Man cannot have both youth and the feelings towards youth at the same time.
When we are young, we may not know how precious it is. Even if we know it is the best part of our lives, the significance will only come in when we are older and more experienced. Only when we are looking back at our youthful days can we know how precious it was. Yet we can never have both this feeling and youth together at the same time. It is the same for our past relationships. But the past should remain at the past. No matter how good the memory is, or how much you treasure it, if you live in the past, you will never be able to step forward.
However, beyond all these practical problems, we ask ourselves again. How far am I willing to go to protect this relationship? How much am I willing to sacrifice for this relationship? Do I love my spouse more than I love myself? One cannot say he or she truly loves until he or she is willing to sacrifice himself or herself. I have known this theory since my 20s. But it is one thing to know head theories, and another to go through everything and after that walk out still believing in and carry out that theory in practical. Afterall, even prisoners know a lot of head theories on how to live a good life.
From working in a job one does not like, to staying in a place one does not fancy, these may be the little things one sacrifice for the greater good of the family. They say a woman is tested when a man has nothing, and a man is tested when he has everything. In a lot of sense that is true, and many failed the test. If one truly loves the other, for the sake of the relationship, one will continually reflect upon one’s own behaviour and actions, then correct it if need be. Nobody is born perfect.

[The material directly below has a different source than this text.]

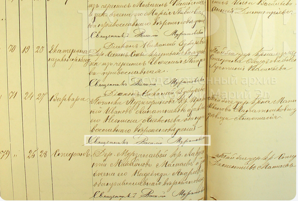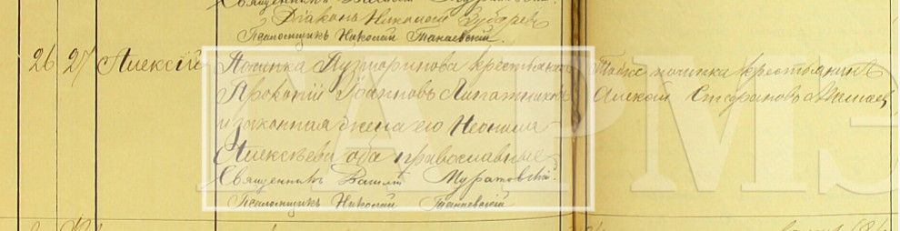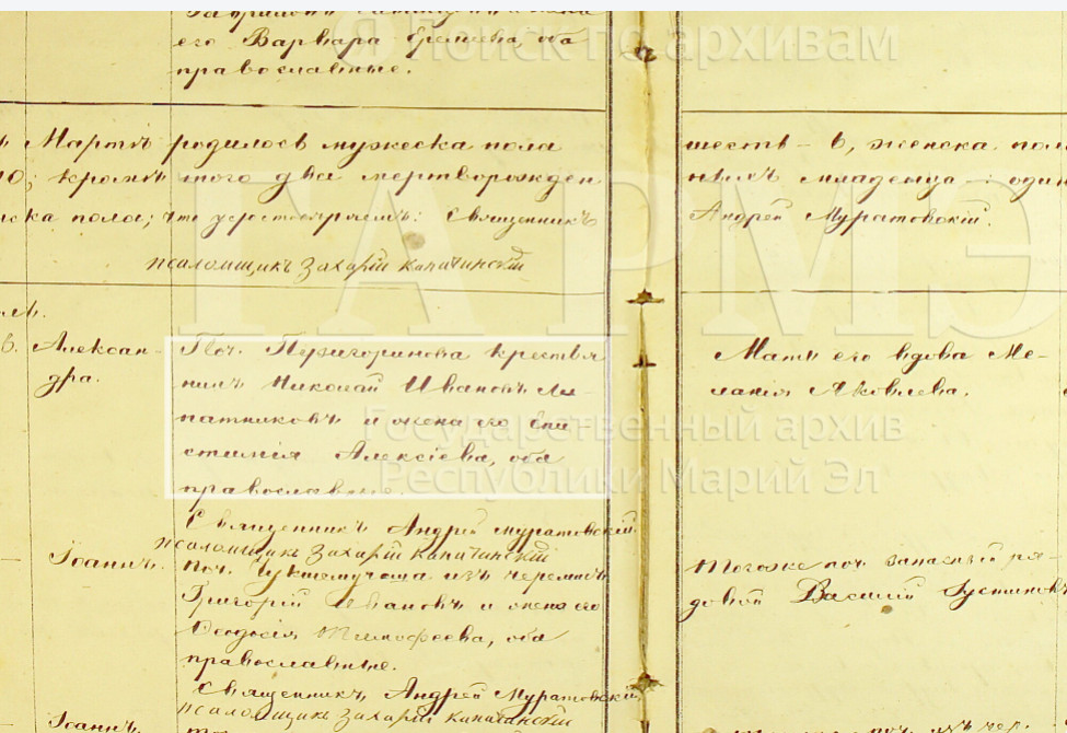 2) Николай Иванович + Епистилия Алексеевна. Дети: Александра (5.04.1886)

We often see in feel-good dramas or movies that after a woman left a poor man, the poor man worked very hard and attained success, much to the regret of the woman. Or that a man left a fat ugly girl, only to see her transform into a pretty and sexy woman, much to his regret too. While there are certainly very superficial people, but is that the whole reality? Many times, people simply do not love each other enough to make changes, and simply take things for granted. The poor man will simply never work hard until he lost the one who has been beside him all those years. The fat ugly woman will never bother to look decent until she was given up on. Often times people do not ask for the sky, but when you do not bother to put the bare minimum effort in the relationship to make it work, then people simply cannot be bothered about you. It is that simple.
We then realise that indeed, with love, many obstacles can be overcome. It is indeed that love is all that you need. But different from the first stage where all you have is feelings and passion, at this third stage you go in willing to sacrifice and work for the better of the relationship.

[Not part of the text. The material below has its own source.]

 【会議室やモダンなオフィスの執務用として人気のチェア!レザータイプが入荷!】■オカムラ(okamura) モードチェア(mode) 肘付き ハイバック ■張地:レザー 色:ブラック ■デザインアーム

Love is patient, love is kind. It does not envy, it does not boast, it is not proud. It does not dishonor others, it is not self-seeking, it is not easily angered, it keeps no record of wrongs. Love does not delight in evil but rejoices with the truth. It always protects, always trusts, always hopes, always perseveres.
Replace ‘love is’ with ‘I am’. How much love do you have for your partner?
And for those who are still single, how much love are you willing to put out? Do you still remember that pure and innocent teenage love you may have, where you were willing to go all out for that one person? Go all out for love, and receive the all-out love from another person. But if you are still single, enjoy the freedom which is the envy of many married people. One cannot have both. Between love where you share your life and freedom, you can only choose one.